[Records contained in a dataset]
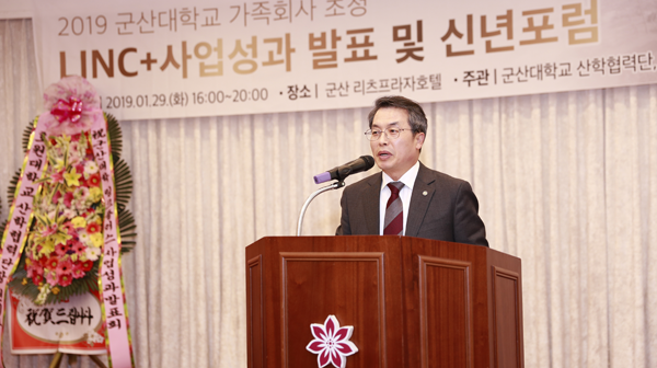 [대학저널 김등대 기자] 군산대학교(총장 곽병선)가 지난 29일 군산 리츠프라자호텔에서 '2018 가족회사 초청 LINC+사업 성과발표회 및 신년포럼'을 개최했다.
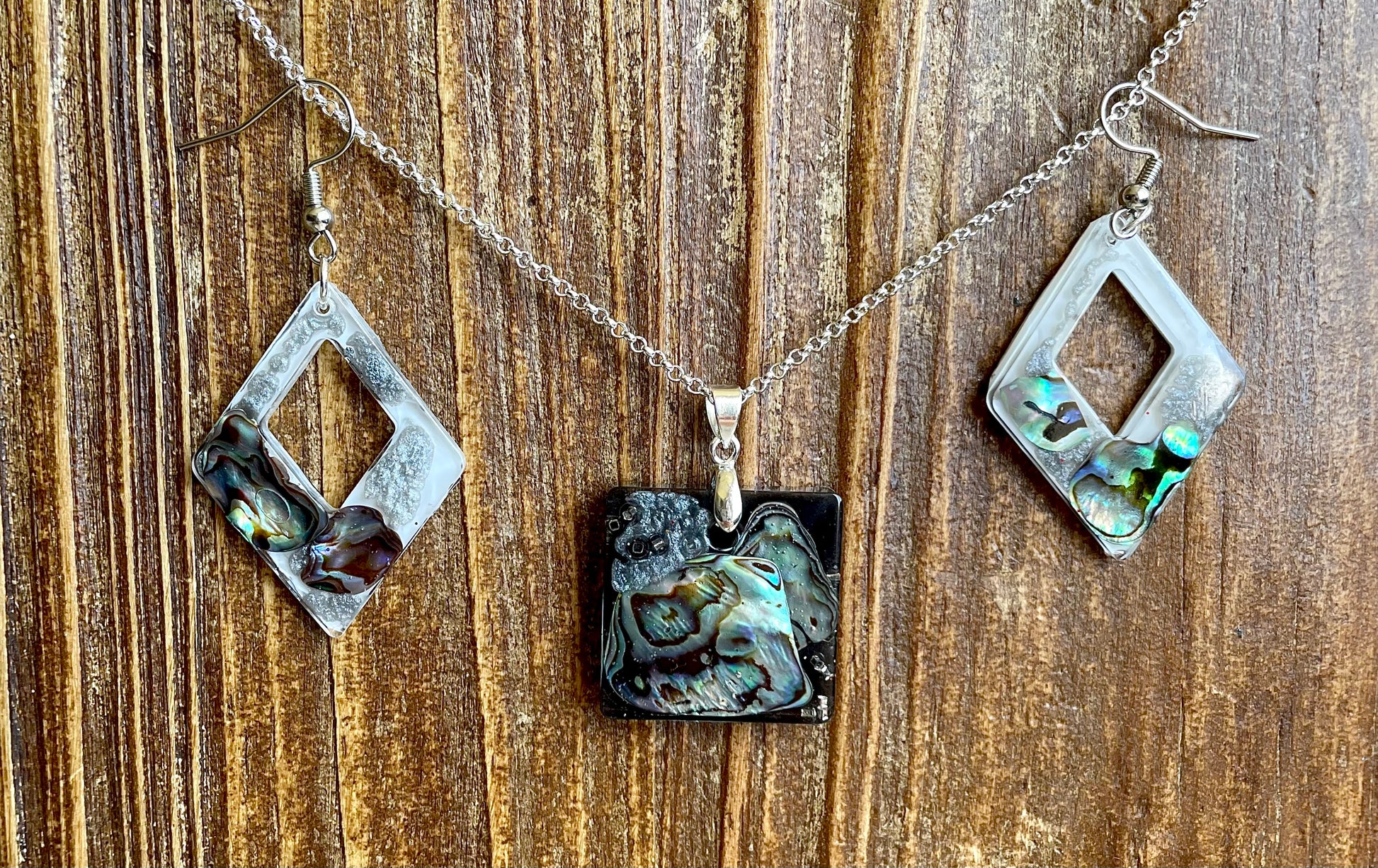 Diamond shape dangle abalone and white resin earrings. Product measures 1 1/2” long x 1” wide and have silver plated shepherds hook posts
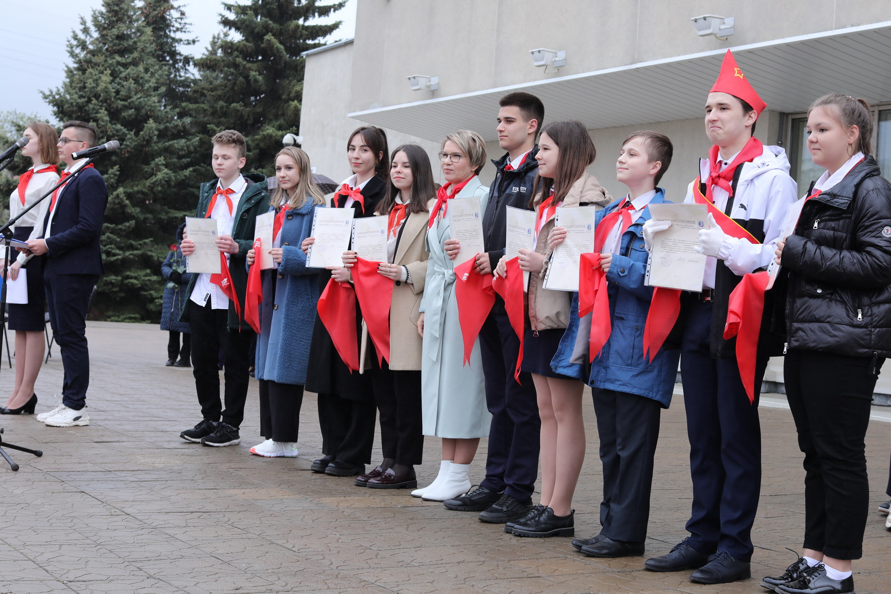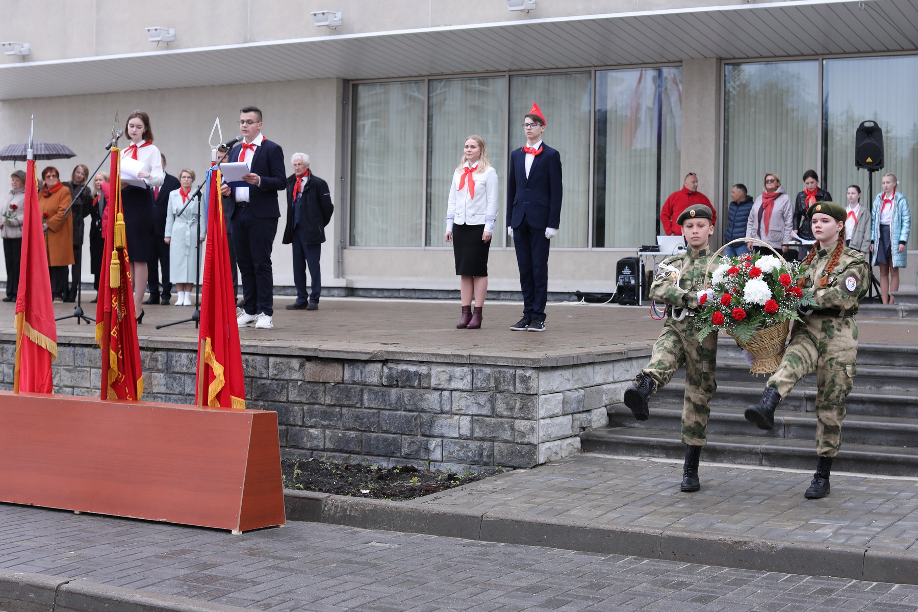 Утро 18 мая началось на площади Ленина с торжественной линейки, посвященной столетию создания Всесоюзной пионерской организации. В присутствии почетных гостей и руководителей города лучшие старшеклассники гимназии № 2, школ №№ 7 и 16 внесли флаг Российской Федерации, знамена пионеров 30-х и 70-х годов, знамя Союза детских организаций «Сияющие звезды». Затем председатели советов дружин сдали рапорт, выступил сводный отряд барабанщиков и началось вручение наград.
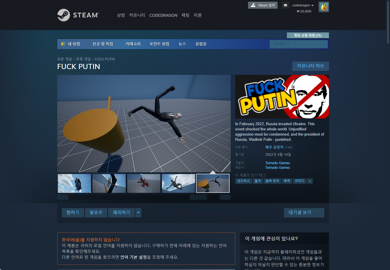 "FUCK PUTIN" 스팀 페이지 입니다.
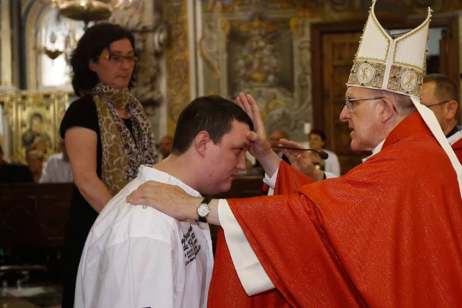 El pasado 29 de mayo el Arzobispo de Valencia (España), Mons. Carlos Osoro, impartió el sacramento de la Confirmación a ocho jóvenes con discapacidad psíquica –con edades de entre 19 y 30 años-, y que son atendidos en la asociación católica Casa de los Obreros San Vicente Ferrer de Valencia.
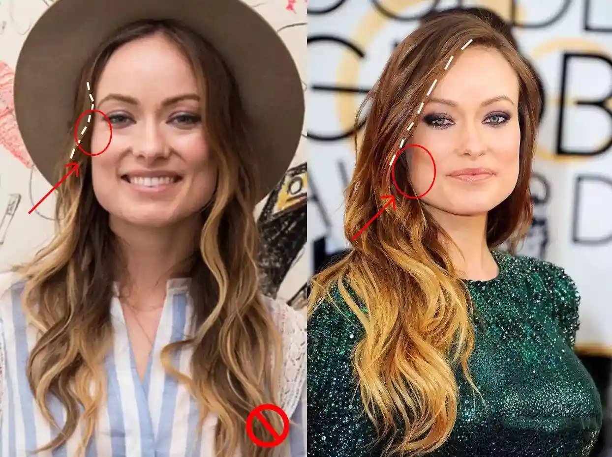 最后是关于下庭的问题。下庭常见且比较突出的问题就是嘴凸或下巴短,首先要避开直刘海发型,尤其是直刘海+长发,会降低视觉重心,更突出下庭特点。
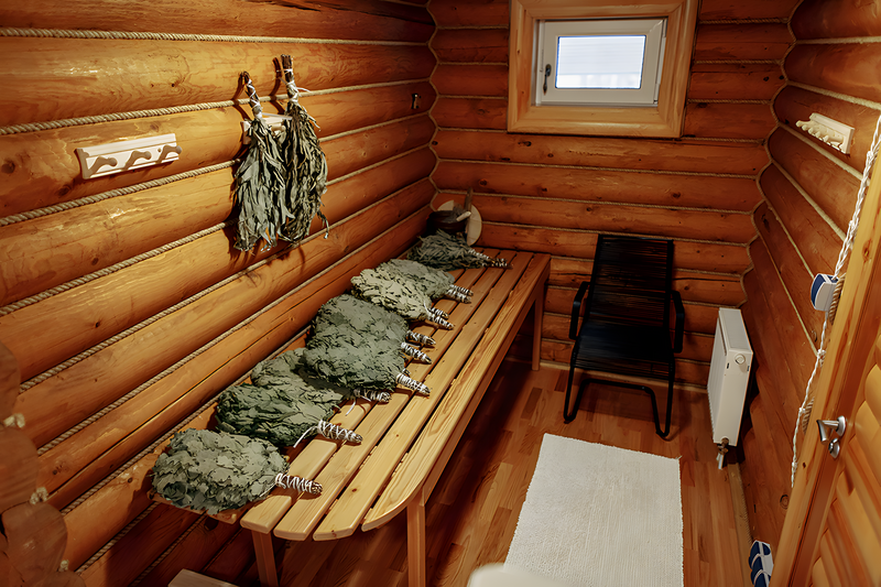 Инфраструктура: зона отдыха, полотенца, шапочки, березовые веникиК Вашим услугам великолепная сауна, рассчитанная на комфортный отдых до шести человек. Просторная парная, комната для отдыха, банные принадлежности, такие как веники и масла, массажный стол, купель с ледяной водой — все необходимое для поистине расслабляющей и оздоравливающей банной процедуры.

» **WHAT NEEDS TO BE DONE**:
Please repeat, with no pictures, each line from the start of the records above through the line with "Diamond shape dangle", inclusive, and only those.

» **RESPONSE**:
 [대학저널 김등대 기자] 군산대학교(총장 곽병선)가 지난 29일 군산 리츠프라자호텔에서 '2018 가족회사 초청 LINC+사업 성과발표회 및 신년포럼'을 개최했다.
 Diamond shape dangle abalone and white resin earrings. Product measures 1 1/2” long x 1” wide and have silver plated shepherds hook posts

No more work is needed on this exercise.